**WHAT IS NEEDED**: An exact retyping of all lines below is the answer; pictures do not belong in it.

**SUPPLIED INFORMATION**:
★ ★ ★

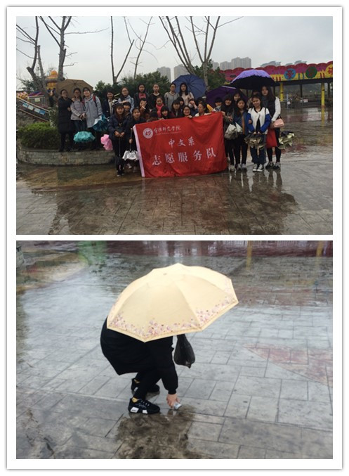16级汉语言文学师范班团支部成员在雨中进行环保活动
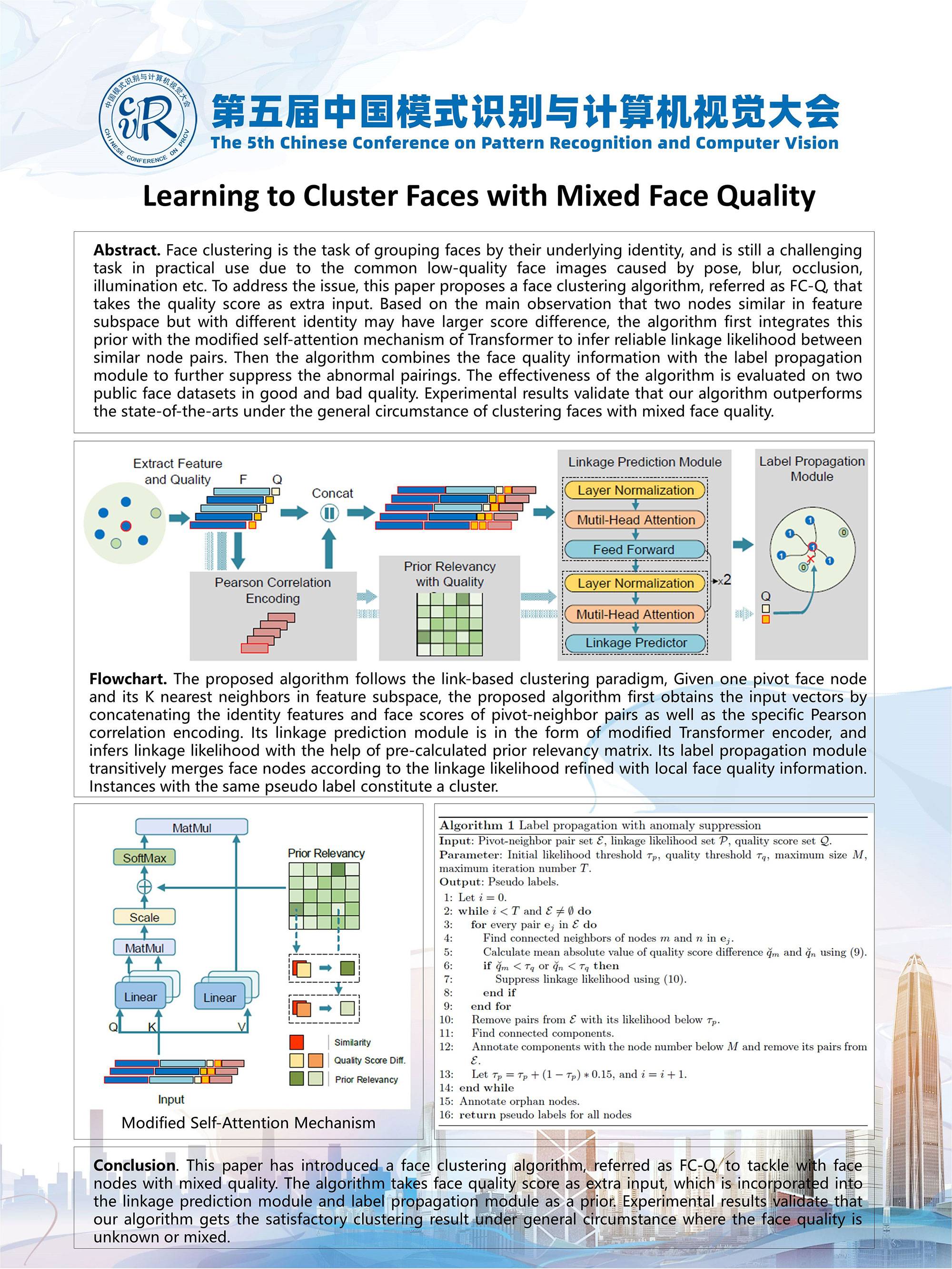 55 | Learning to Cluster Faces with Mixed Face Quality | Pan, Zhiwei*; Guo, Zhihua; Yang, Huiting; Yan, Congquan; Yang, Pengju |
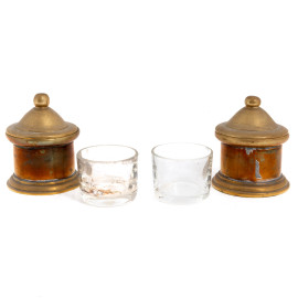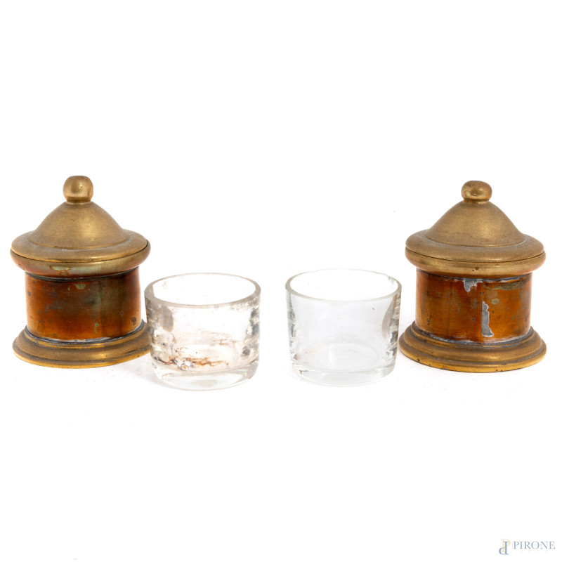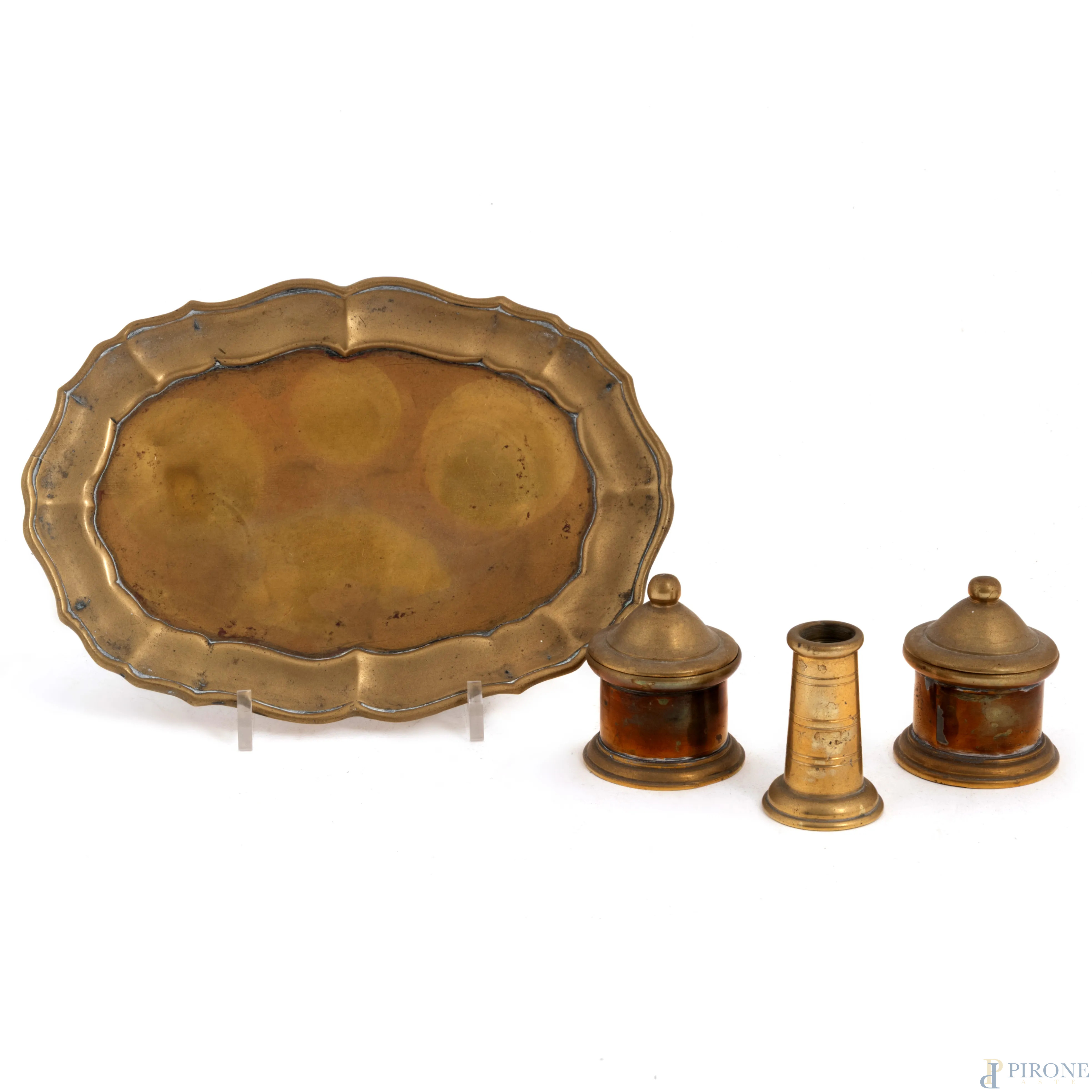 Calamaio e portapenna completo di vassoio in bronzo dorato, XX secolo, misura massima cm 22x16, (segni di usura, difettI)

★ ★ ★

**RESPONSE TO THIS EXERCISE**:
16级汉语言文学师范班团支部成员在雨中进行环保活动
 55 | Learning to Cluster Faces with Mixed Face Quality | Pan, Zhiwei*; Guo, Zhihua; Yang, Huiting; Yan, Congquan; Yang, Pengju |
 Calamaio e portapenna completo di vassoio in bronzo dorato, XX secolo, misura massima cm 22x16, (segni di usura, difettI)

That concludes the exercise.